Here’s the full post I was answering:
No, I don’t think Bakersfield is really “coastal California.” Too dry–& too working class. But the original post used West Coast–which includes whole states. California’s greatest contribution to country music** is** The Bakersfield Sound. That’s Buck Owens & Merle Haggard.
Another poster offered:
Doesn’t Bakersfield have a large Okie population, though, almost to the point where it’s Tulsa West?
Yes, it was settled by “Okies”–the generic term used for Depression Era Refugees from Oklahoma, Texas, Arkansas & other states to the East. It was an ethnic slur in the days when John Steinbeck (& Woody Guthrie) gave us the saga of Tom Joad. Do the elite still use that term to describe Californians several generations removed from the Dust Bowl?
California’s other contribution to country music is the Country Rock that came out of Los Angeles in the 60’s & 70’s. I’ve got a soft spot for lots of that stuff, even though the hard-edged Bakersfield Sound makes it seem a tad wimpy. Especially after Gram Parsons OD’d & left the field to The Eagles.
Sorry. This faux naïveté of the OP put me in a grouchy mood. Why, yes, quite a few country singers use one of the several accents of the Southern USA. That is, in fact, where the music was born. Even though it’s traveled quite a bit since then.
So?
While in a general sense California, Oregon, and Washington could be considered West Coast, I don’t think of Bakersfield as being coastal California the way San Francisco, Los Angeles, and San Diego are.
Not only that, but the musicians of that time in Bakersfield were only closely removed from the Dust Bowl emigration form Oklahoma and other country music havens. In maybe ways the population was indistinguishable between the two places.
Yes, it was settled by “Okies”–the generic term used for Depression Era Refugees from Oklahoma, Texas, Arkansas & other states to the East. It was an ethnic slur in the days when John Steinbeck (& Woody Guthrie) gave us the saga of Tom Joad. Do the elite still use that term to describe Californians several generations removed from the Dust Bowl?

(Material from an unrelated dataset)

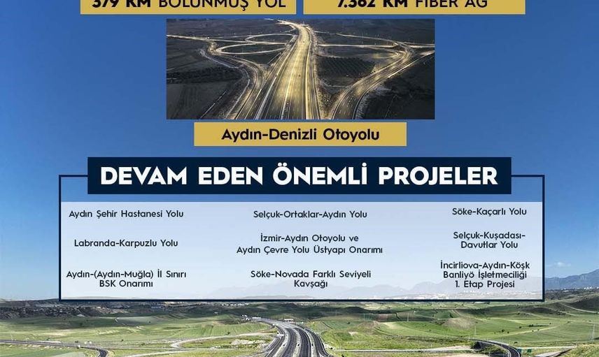 Paylaşılan rakamlara göre son 24 yıllık dönemde Aydın’da 379 kilometre bölünmüş yol tamamlandı ve 7 bin 362 kilometrelik fiber ağ altyapısı kuruldu. Bu yatırımlar arasında Aydın-Denizli Otoyolu, bölgedeki trafik yükünü azaltıp ulaşımı daha güvenli ve konforlu hale getiren önemli projelerden biri olarak öne çıktı.

Since I am outside Bakersfield, and well within Dust Bowl refugee-land, and a recent transplant here from the Bay Area, I will take that one please 
No, the descendants of the original refugees, and the ones that are still alive, use that term among themselves sometimes.
Now, those same people treat the “Mexicans”, who may or may not actually be from Mexico, but who work the same shit jobs the “Okies” had when they arrived, the same way their ancestors were treated on arrival. And worse.
Serious, you could drive around large swaths of the Central Valley and it still looks eerily like those WPA photos from the 1930s.
One must remember that some people like BOTH kinds of music–country AND western.
Obviously western music accents come from the west.
It is what I refer to probably very un-politically-correctly as the “red-neck accent”. It can be heard across the country and seems to represent a mentality and lifestyle more than a region. The heaviest “red neck accent” speakers I know hail from vastly different areas.
Or, as I say, “Trailer is a universal dialect”.